@Nymeria Ehh, I won't stand corrected. It may well be that you have no rule barring characters of colour per se. However, scrutinizing them such that they're nigh impossible to get approved (on a game with a very laborious application process at that) amounts to the same thing.
I doubt lot of people are super keen to play PCs of colour on a game where they are strongly discouraged by a headwiz who's notorious for saying racist things on social media.
@hobos I getcha. I wondered about it myself -- not only is GoT a typical white fantasy setting, the notion of family resemblance, and specifically in terms of hair-colour, is a major plot point. More than once.
I didn't do or say anything about it. Game of Bones had PCs of colour. I even actively encouraged them. But players, all on their own, kept their Lannisters blonde, their Baratheons black-haired, etc. "Not Overtly Forbidden" does not mean "Inevitable".
I did not have problems with PCs of colour having a reason to be in the setting. Because, one, every character needs a reason to be in the specific setting of a game, and players all come up with one. I simply didn't require PoC to have a good and compelling one while white PCs were there for the beer, all characters were allowed to be there for stupid reasons. It's realistic. Also, the Narrow Sea separating Westeros from Essos is narrow. People have been sailing back and forth for somewhere between two and six thousand years. It's just not much of a barrier in the books, so it seems a stretch to be all oh nooooes how could you possibly be there?! on a MU.

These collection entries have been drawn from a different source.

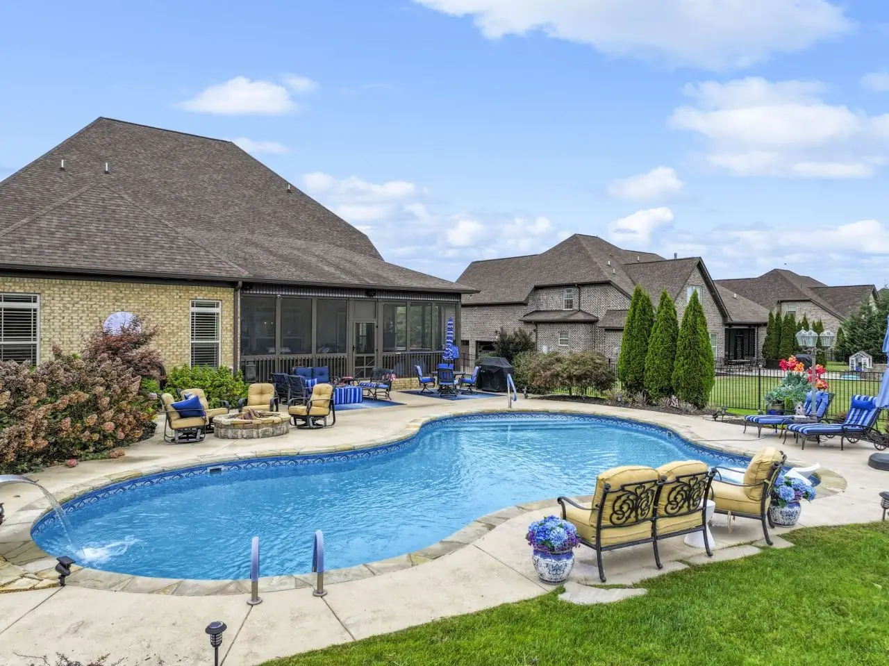 This amazing home has it all! You will love the tall ceilings & detailed trim, a main level office/dining room, 2-story stone fireplace, hardwood flooring in ALL the living areas, a large bonus room over the garage, 41'x24' heated pool with a large patio with a fire pit, huge screened porch, & level lot with an irrigation system & backyard that is fenced! The main floor primary bedroom opens to the screened porch and has a wonderful bathroom suite. The primary closet passes through to the laundry room. All bedrooms have walk-in closets, their own bathroom vanity, and connect to a full bathroom. The main HVAC is new (2025). The location is 5 min from Providence Marketplace, 15 min from the airport, & 25 min from downtown. Percy Priest Lake & Long Hunter State Park are within a 10-15 min drive.
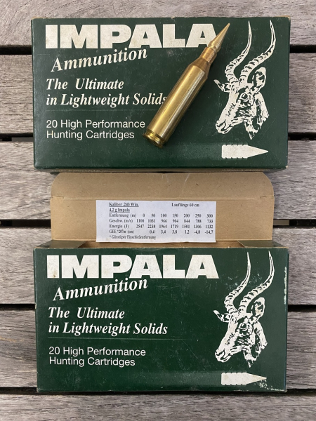 Sie bieten auf 2 Schachteln Originalpatronen(40 Schuss) der Fa. Impala im Kaliber .243 Winchester.
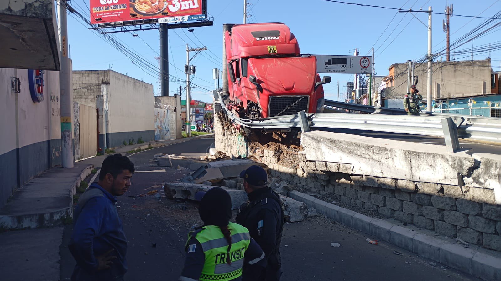 La Policía Municipal de Tránsito de San Miguel Petapa, informó que el percance ocasionó una serie de daños en el desnivel, por lo que aún se está trabajando en las reparaciones. Según la institución aún se está evaluando si es viable reestablecer el paso de vehículos.

@Misadventure Pointless info-dump-esque thing. Ned Stark doesn't understand genetics and it's quite likely that George R. R. Martin doesn't either, but Jon actually works out fine -- some primates on Planetos, Valyrian humans notably, have the equivalent of a "dominant white" mutation. In the real world humans don't have this, but a lot of other creatures do. Horses have lots of different ones. So Rhaegar had one copy of the Valyrian white-hair gene and thus the phenotype. Lyanna Stark didn't have the gene, and Jon happened not to get it from Rhaegar, so Jon's brown or black haired depending on your show/book preferences. Interesting, in real world animals having two copies of a dominant white gene often results in neurological dysfunction. Which would explain why Targaryans are often batshit. Dominant white mutations are also often what coat-colour-genetics people call 'leaky', meaning that whatever colour the creature would be without the white gene covering it shows through -- you want a snowy white chicken, you breed recessive white because dominant white is likely to give you a brassy white or a ticked white. If Valyrian white acts that way with blonde, it would explain how generations of Lannisters could 'carry' it and be 'golden' rather than white blonde.
Probably coincidental, but amusing thoughts to me.